Dna Sequencing And Determining Order Of Nucleotides Biology
DNA sequencing refers to the determination of the exact order of nucleotide bases in a molecule of DNA. DNA sequence is crucial for any biological research. Sequences of nucleotides can be determined by the locations of the labelled nuceleotides. The DNA fragments are then separated by gel electrophoresis which are then analysed using different methods of sequence analysis. Such sequence analysis methods include, Sanger dideoxy chain termination, Maxam-Gilbert method. Sanger dideoxy chain termination sequence is the most common method to determine the exact nucleotide sequence. The DNA strand is used as a template which is a strand of DNA which sets the genetic sequence of new strands. DNA polymerase is also used to generate complimentary strands using primers. Primers are strand of nucleic acid that provides as a starting point for DNA replication. Four different PCR reaction mixtures are prepared. Each will contain a percentage of dideoxynucleoside triphosphate (ddNTP) analogs which are building blocks of DNA, to one of the four nucleotides which are ATP, CTP, GTP or TTP. Radio lableld primer is added. ddNTP do not contain 3'-OH group, this prevents the formation of a phosphodiester bond with the nucleotide at 3'end. DNA strands are produced until one of the analogs is included by which the strand is cut. Different lengths of DNA strands will be contained in PCR reactions. The PCR reaction will end with nucleotide which was dideoxylabeled for that specific reaction. Gel electrophoresis is then used to separate the fragments. The sequence of the original template is then determined based on what lengths of strands end with what nucleotide. Presence of fragments can be visualised by using autoradiography.
Sequences of an amino acid of a protein which is encoded by a cloned gene is compared to proteins of known function. With such comparison similarity in sequences can be determined which will then lead to knowing the function of the encoded protein. Amino acid sequence can be found by using automated DNA sequencing. Automated DNA sequencing is a modification of the dideoxy chain termination method. It is carried out by the chain termination procedure. Automated DNA sequencing fluorescent dyes for the detection of the electrophoretically resolved DNA fragments (Rosenblum, Lee, et al., 1997). Fluorescent dyes are used to label DNA fragments which fluoresce when a laser hits them. Fluorescently labelled chain terminators are used such as ddTTP, ddATP, ddGTP and ddCTP. These fluorescent labels are attached to the dideoxynuclotide. Each chain terminated molecule carries a single label at its 3'. The fluorophore has four different colours which are used to label each of the four bases. The fluorescent emissions are collected and the wavelength of the specific colour is determined. Random dye-terminator incorporation makes certain of complete sequencing. The use of thermal cycling and a vector base primer makes this quick and efficient. The strands are separated by PAGE. Fluorescene detectors record each band as it migrates through the gel. Fluorescent signals are detected using an imaging system. The products are loaded into a single well of a polyacrylamide gel which is then runned past the fluorescence detector. The fluorescence detector identifies the fluorescent signal emitted by each band and saves the information on the computer. Advantages of automated sequencing is that fluorescent dye is not a hazardous chemical and is used instead of radioactive isotope. It presents more reliable results, fast and efficient. Moreover, sequence data is directly fed and stored into a computer, etc.

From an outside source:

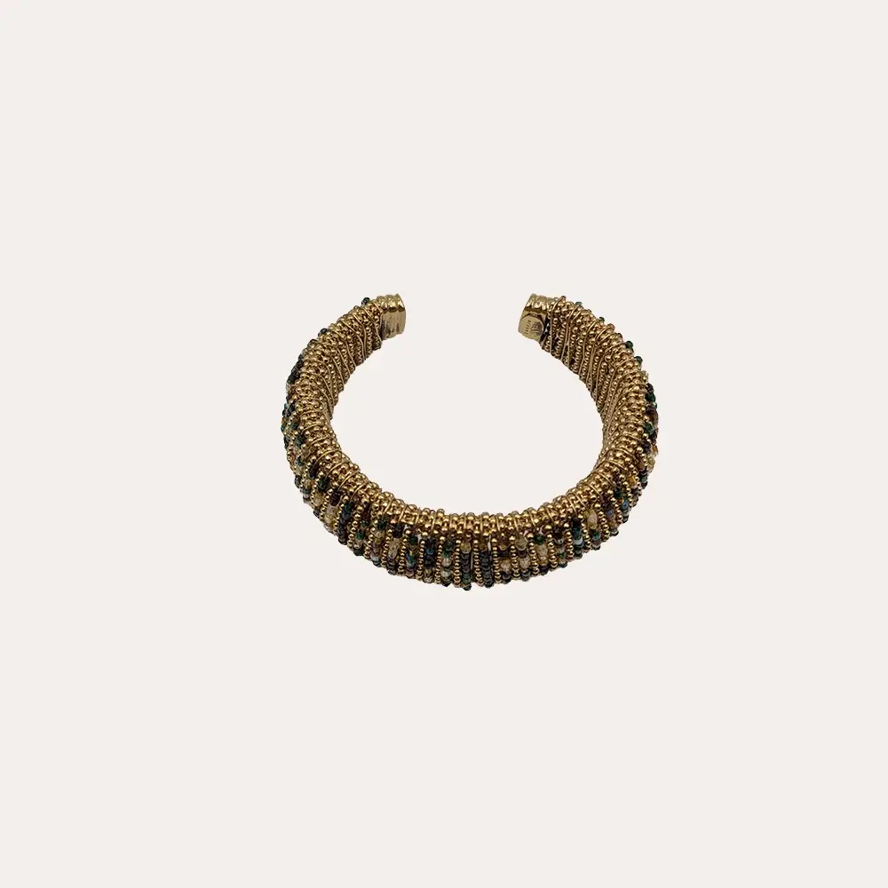 Esta elegante pulsera tipo puño destaca por su diseño cómodo y moderno. Está bañada en oro, con una base compuesta por hilos finos y delicadas cuentas doradas que añaden un toque de brillo. El complemento perfecto lo aportan las perlas en tonos verde, que adornan la pieza con sutileza y estilo. Ideal para quienes buscan un accesorio que combine lujo y originalidad, perfecto tanto para ocasiones especiales como para el día a día. ¡Un detalle que eleva cualquier look!

NCBI is a powerful tool for genetic analysis which provides biomedical information, bioinformatic tools and molecular and genomic databases. To know if two genes are homologous computer analysis should be made which is done by computer software programs. BLAST program is widely used to search for homologous sequences in nucleotide and protein databases (Tatusova and Madden, 1999). After the analysis and the statistical significance of the matches if the two genes are homologous it means that they are evolved from a common ancestor. This program can help deduce evolutionary and functional relationships between sequences and also identify members of gene families.

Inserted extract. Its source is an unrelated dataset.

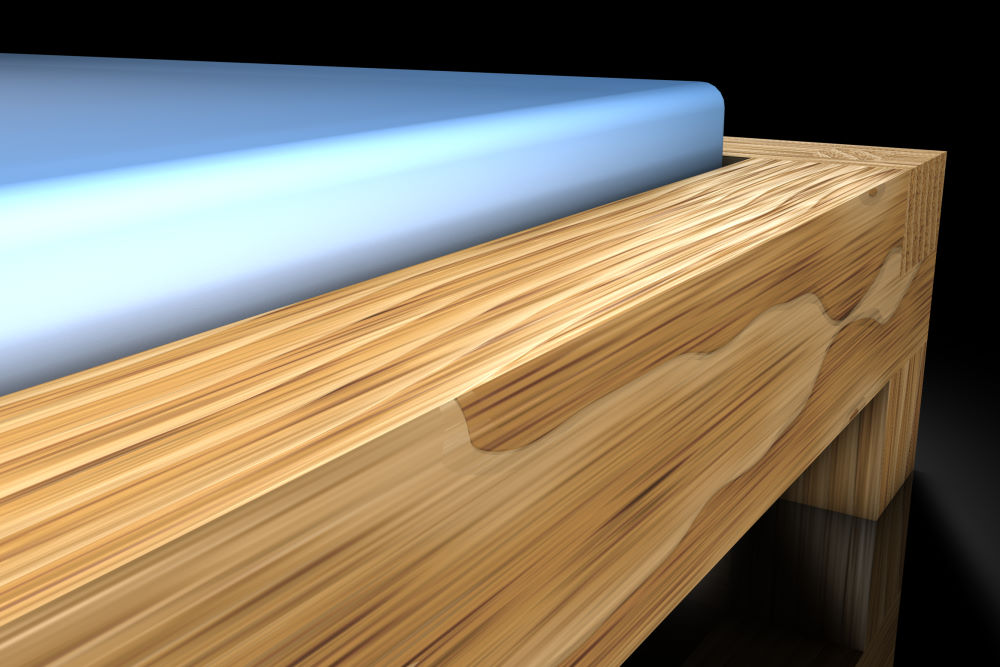 Die Traversen bestehen aus massiven Stämmen, welche auf die Stein- oder Aluminiumpfosten gesteckt werden. Die Stämme arbeiten wie jedes Holzteil, so dass mit der Zeit Risse entstehen. Dadurch wird Ihr Schlafzimmer zu einer im wahrsten Sinne des Wortes einzigartigen Schlafstätte.

Nicotiana tabacum or cultivated tobacco is a perennial herbaceous plant. Osmotin is a basic 24 kDa protein that was originally identified in Nicotiana tabacum (Aslam, Singh, et al., 2009). It accumulates in the cells adapted to low water potentials (LaRosa, Singh, 1989). In response to osmotic stress, osmotin in high concentration is produced. The aim of this experiment was to sequence a subcloned promoter fragment (pOS2) of the osmotin gene of N. tabacum. Automated sequence analysis was employed to recognize homologous sequences of the promoter fragment and to find sequence motifs connected with regulation of osmotin gene expression.
MATERIALS AND METHODS :The reagents used in this practical were : GTE buffer, 10 mM EDTA (pH 8.0), 0.2 N NaOH/1% SDS%, 3 M Potassium acetate (pH4.8), 10mg/ml RNase A, 1xTE, pellet paint, 3 M sodium acetate, 4 M NaCl, 13% PEG8000, 100% isopropanol, phenol/choloroform and chloroform, 70% and 100% ethanol and sterile double distilled water.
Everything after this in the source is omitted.